Es wird angenommen, dass die Alzheimer-Krankheit Jahrzehnte vor dem Auftreten von Symptomen beginnt. Neuere Studien deuten darauf hin, dass phänotypische Merkmale wie Fettleibigkeit und Bluthochdruck, aber auch das Bildungsniveau und das soziale Engagement als Risikofaktoren fungieren können. Unser Ziel ist es, in der Lage zu sein, ihre Beiträge und ihre Beziehung zu molekularen Krankheitstreibern zu entschlüsseln, um zu lernen, wie man frühzeitig und personalisiert eingreifen kann.
Die Multi-Omik-Datenanalyse kann verwendet werden, um verschiedene Schichten biologischer Daten wie Proteomik, Transkriptomik, Metabolomik und phänotypische Merkmale zu integrieren, um einen Krankheitszustand umfassend zu verstehen. Autoencoder-Modelle verwenden Deep Learning, um die Dimensionalität von Multi-Omics-Datensätzen zu reduzieren und die entscheidenden Informationen effektiv zusammenzufassen. Es ist jedoch schwierig zu interpretieren, wie wichtig einzelne Merkmale in den Originaldaten in Bezug auf die zusammengefasste Ausgabe sind. In Deep-omics AE haben wir einen Algorithmus eingebaut, der die Bedeutung einzelner Multi-Omics-Merkmale im Verhältnis zur Darstellung der reduzierten Dimensionalität des Lernens ableitet.

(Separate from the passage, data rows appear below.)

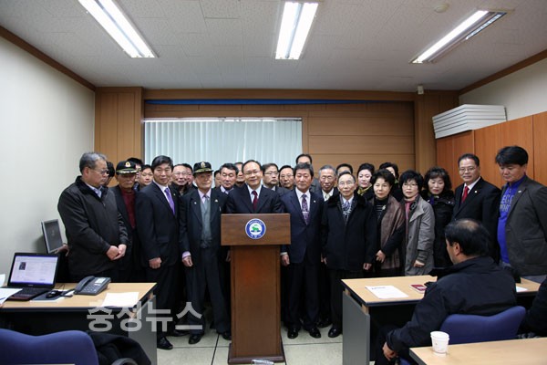 ▲ 성완종 예비후보가 출마 기자회견에 많은 지지자들이 참석했다.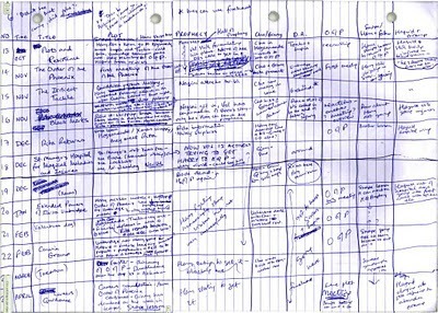 While I work feverishly to finish up the final scenes, here's a little food for thought. It's the organizational matrix purportedly penned by J.K. Rowling to plot out one of the Harry Potter books. Interesting method, no?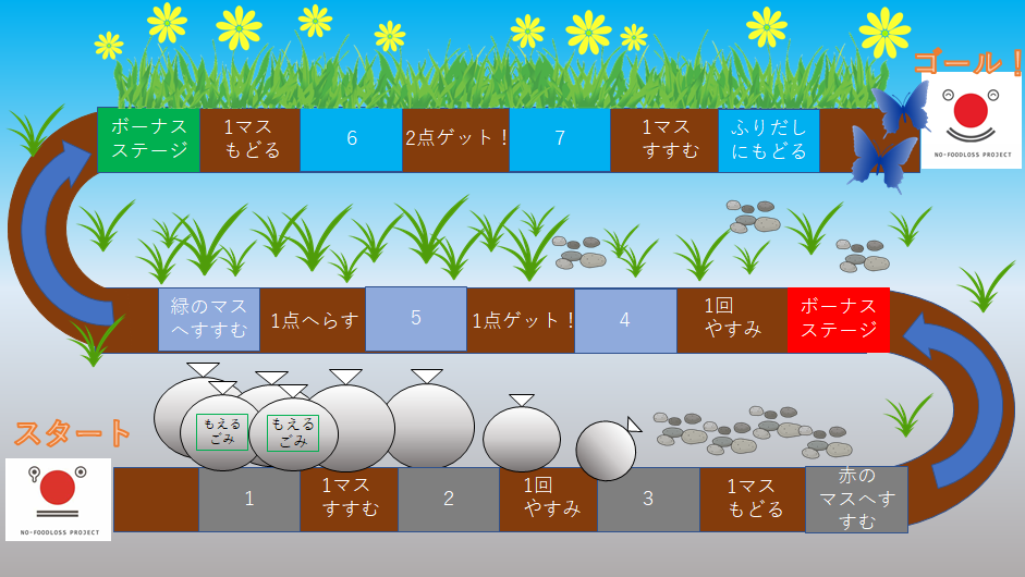 食品ロスに関するクイズに答えてゴールを目指し、最高得点を取ろう!

Mit diesem Ansatz können wir molekular ähnliche Module und ihre Assoziation mit den phänotypischen Merkmalen des Patienten identifizieren. Deep-Omics AE hilft dabei, die phänotypischen Merkmale des Patienten mit der molekularen Zusammensetzung der Krankheit in Beziehung zu setzen. Sie können es zum Beispiel verwenden, um zu fragen, was die molekularen Signalwege sind, die bei älteren Patienten am stärksten an der Alzheimer-Krankheit beteiligt sind, und welche sind diejenigen, die bei jüngeren Patienten am stärksten beteiligt sind?
Was sind diejenigen, die an der Entwicklung der Krankheit bei weniger gebildeten Patienten im Vergleich zu besser ausgebildeten Patienten beteiligt sind?